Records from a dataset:

________

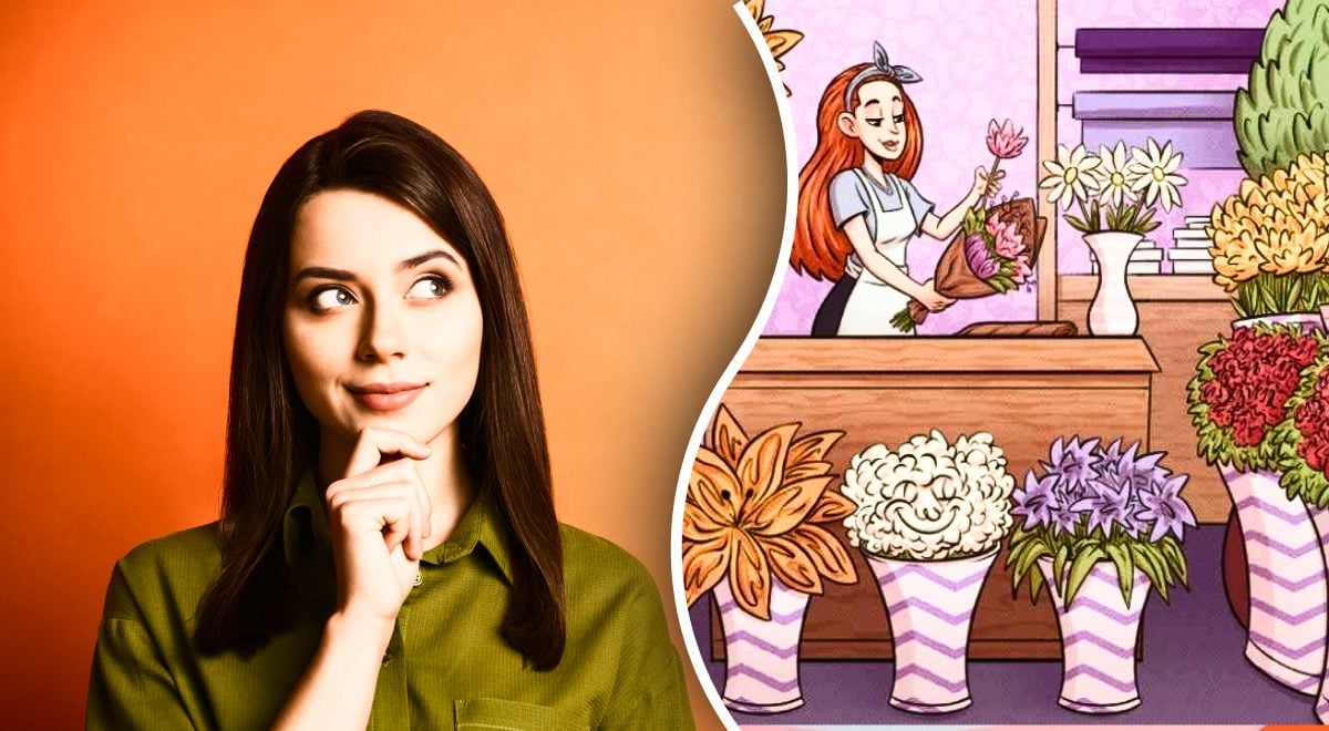 I en farverig blomsterbutik er tre ansigter perfekt camoufleret blandt blomster og blade. Kan dit skarpe øje afsløre dem alle på kun seks sekunder? Nøglen er at lade blikket hvile og søge efter menneskelige konturer, hvor man mindst venter dem.
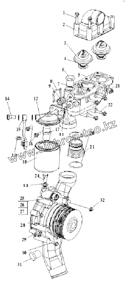 Каталог запасных частей к технике: FAW CA-3252 (P2K2T1A). Термостат, водяной насос, стойка вентилятора
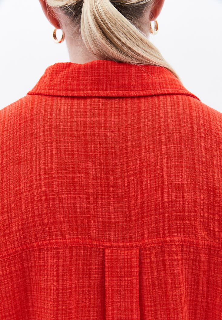 • Bayan Kırmızı Oversize Cepli Gömlek
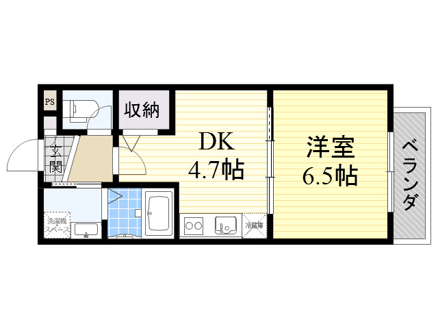 | 間取り詳細 | 洋室6.5畳/DK4.7畳 | 使用部位 | 1階号室 |
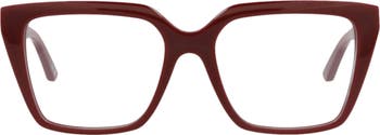 Step up your eyewear game with these chic square optical glasses detailed with designer accents at the temples.
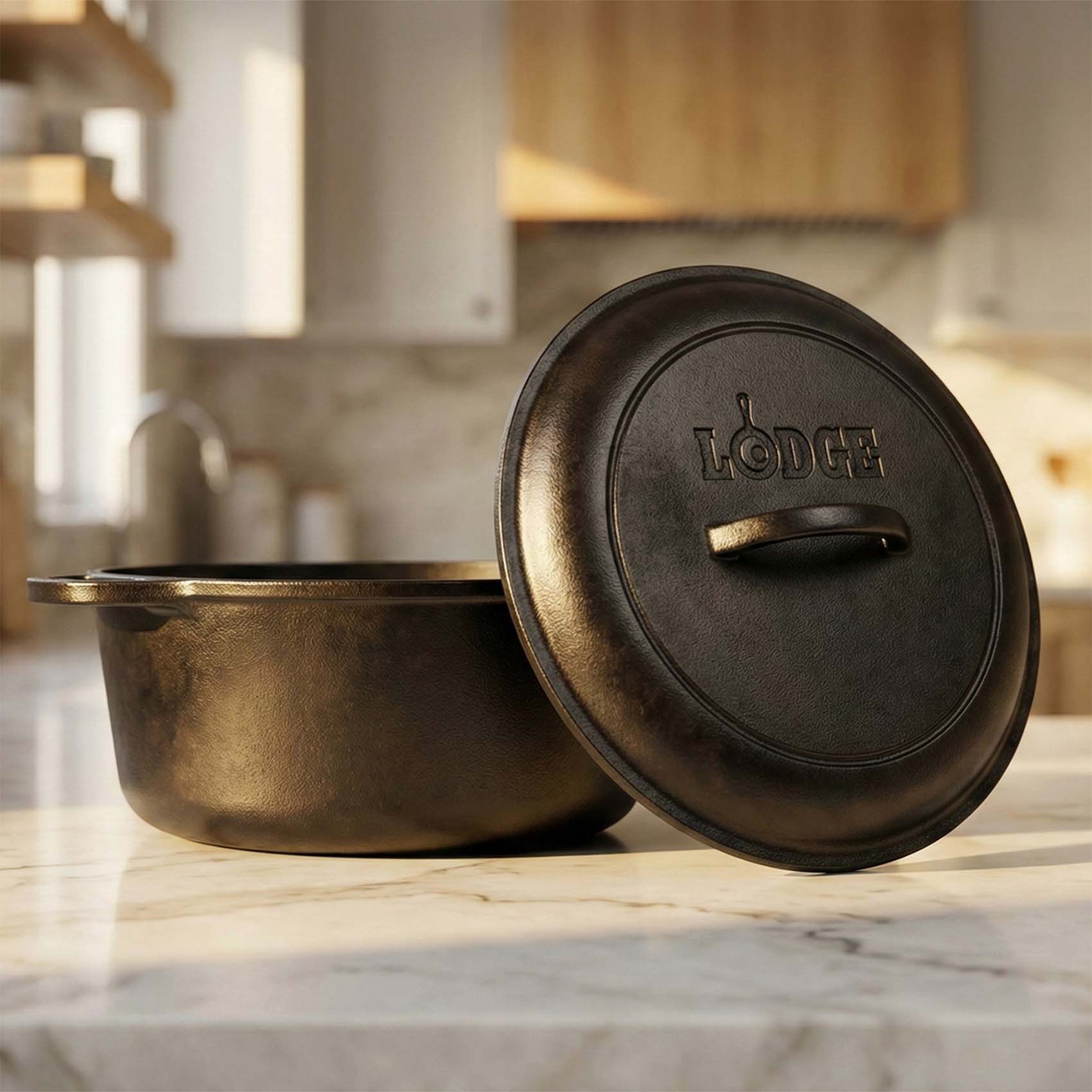 The LODGE 5 Quart Cast Iron Dutch Oven L8DOL3 is a durable and versatile cookware essential designed for a wide range of cooking applications. Built with premium cast iron and a naturally seasoned surface, it delivers excellent heat retention and consistent cooking performance.
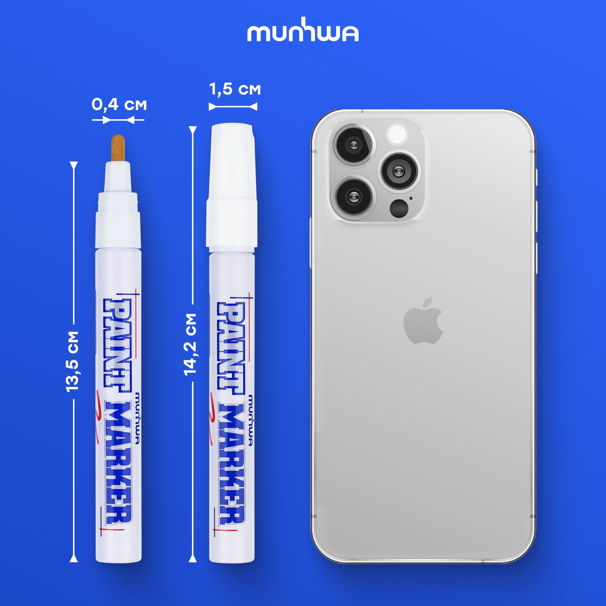 Paint Marker подходит для реставрации дефектов на бытовой технике, обуви, кузове автомобиля, а также надписей на каменных плитах. Маркер-краска MunHwa имеет широкое применения в дизайне, декорировании и оформлении.

________

Restate every record exactly, please; do not copy the pictures.

* _ANSWER SECTION_:
 I en farverig blomsterbutik er tre ansigter perfekt camoufleret blandt blomster og blade. Kan dit skarpe øje afsløre dem alle på kun seks sekunder? Nøglen er at lade blikket hvile og søge efter menneskelige konturer, hvor man mindst venter dem.
 Каталог запасных частей к технике: FAW CA-3252 (P2K2T1A). Термостат, водяной насос, стойка вентилятора
 • Bayan Kırmızı Oversize Cepli Gömlek
 | 間取り詳細 | 洋室6.5畳/DK4.7畳 | 使用部位 | 1階号室 |
 Step up your eyewear game with these chic square optical glasses detailed with designer accents at the temples.
 The LODGE 5 Quart Cast Iron Dutch Oven L8DOL3 is a durable and versatile cookware essential designed for a wide range of cooking applications. Built with premium cast iron and a naturally seasoned surface, it delivers excellent heat retention and consistent cooking performance.
 Paint Marker подходит для реставрации дефектов на бытовой технике, обуви, кузове автомобиля, а также надписей на каменных плитах. Маркер-краска MunHwa имеет широкое применения в дизайне, декорировании и оформлении.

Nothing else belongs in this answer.